『Xのアーチ』スティーヴ エリクソン 柴田 元幸訳

実は、半分読んで図書館に返しちゃった。氷の国に娘と旅立ったところ。
最初と最後だけちょっと読めばいいかなとか、そういうズルは許されない、めちゃくちゃ且つ濃密な進行。なので、全部ちゃんと読まないとダメ。
文体が合わないわけでもなし、読めるんだけど、長い…
。気になったらまた読もう。何冊も並行して読んでると、この本で起きたことなのか別の本で起きたことだったのか、混ざってくるドライブ感。それくらい、この本が現実と意識と本そのものとの境目が曖昧になる。
まあ全部読んでないんだけど。

アメリカの奴隷制、ジェファソンと女奴隷、男女の愛、所有/支配する欲望、俳優のように登場人物が入れ替わりオーバーラップ、モンタージュと、イメージの移り方が映像の文法みたいにも思えてました。トマスジェファソンと女奴隷の時代劇と、セットのようなSF的などこともしれない退廃都市、が半分までには出てきてました。

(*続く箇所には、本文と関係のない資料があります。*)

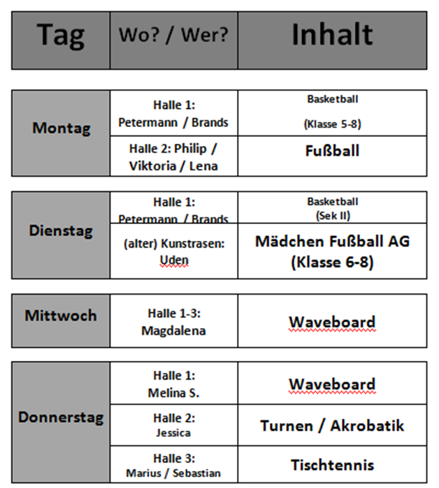 Ab sofort gilt der neue Plan für den Mittagssport. Wieder dabei sind die beiden Basketball-AGs mit Herrn Brands und Frau Petermann, die Mädchen-Fußball AG sowie die Waveboard- Fußball- und Tischtennis-angebote. Wir freuen uns auf euren Besuch!

…今、広告やエンタメではまるで白人と黒人、男と女なんて存在しないかのような、役どころや話の展開なんですね。特捜戦隊デカレンジャーの海外版「POWER RANGERS S.P.D」のレッドが黒人とか別チームはレッドが女性とか。当然のごとくに。でも、違うんだよなあ。「見えないくらい黒ければいいのに」とか、私の世代からは遠ざけられていた禁忌の表現でした。